Artist's Statement

Rose-Lynn Fisher

The Topography of Tears
Photomicrographs

In a moment of relentless tears one day I suddenly wondered what tears actually look like. Would grief look the same as joy? I saved one to examine through my microscope, a vintage optical Zeiss with microscopy camera.

The image of that tear evoked a sense of place, like an aerial view of emotional terrain. Compelled, I began saving whatever tears I shed onto glass slides. Some were compressed between slide and cover-slip, others air-dried. I was able to investigate a wide range of my own and others’ emotions, from depletion to elation, laughter to remorse, onions.

There are many variables that influence the different ways the tear images appear, including volume of the tear fluid, evaporation or compression, biological variations, microscope and camera settings, and how I process and print it the photo. Early on I realized that arriving at conclusions about these images was not my purpose; clearly for me the journey was the destination.

Among the tear images, many are like momentary landscapes of an ephemeral atlas. I contemplate these shots of a placeless place that can neither be fully explained nor revisited yet is somewhere I once passed through and remember.

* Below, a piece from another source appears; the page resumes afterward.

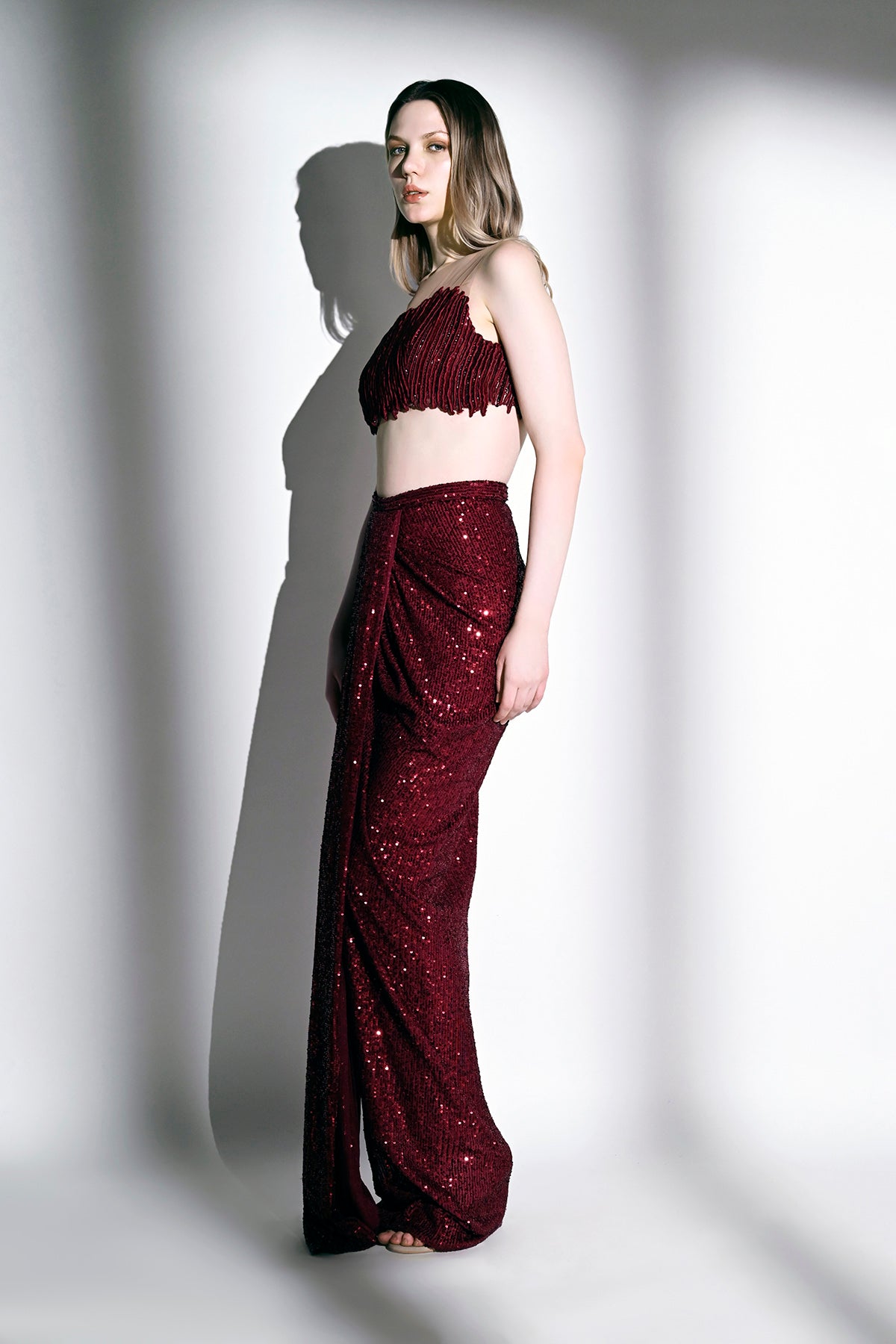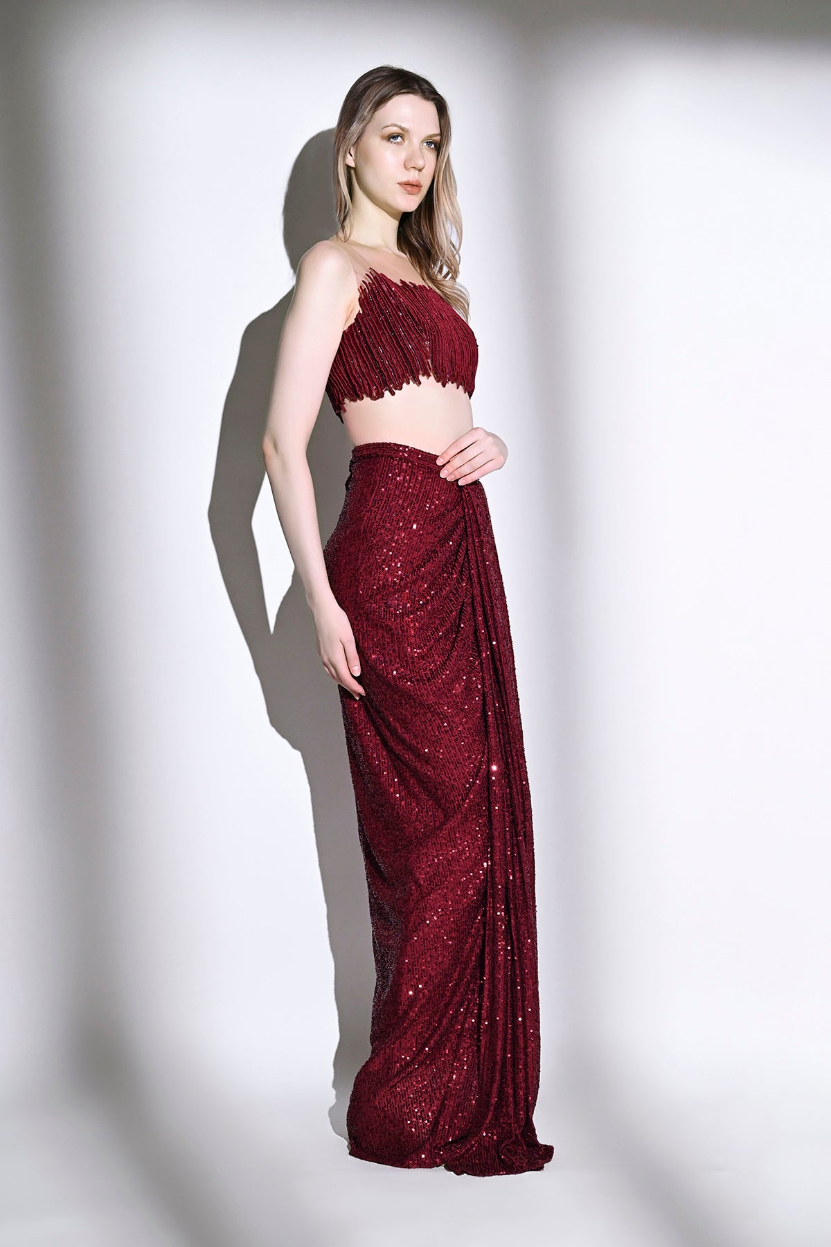 Featuring a crop and skirt set with a detachable saree drape. The hand embroidered blouse comes on a net base with asymmetric lines of beads, sequins and satin.

Roaming microscopic vistas, I’m struck by the visual similarities between the vast and tiny worlds within worlds that exist all around and inside of us. The patterning of nature seems so consistent regardless of scale. Patterns of erosion etched into earth over millions of years can resemble the branched or crystalline forms in evaporated tears that took a second to occur.

Tears are the medium of our most primal language, and in deep moments, the evidence of our inner life overflowing its boundaries, spilling over into an awareness that words don’t reach. Tears spontaneously release us to the possibility of realignment, reunion, catharsis, intractable resistance short-circuited. I think of a tear as a microcosm of the collective human experience, like one drop of an ocean.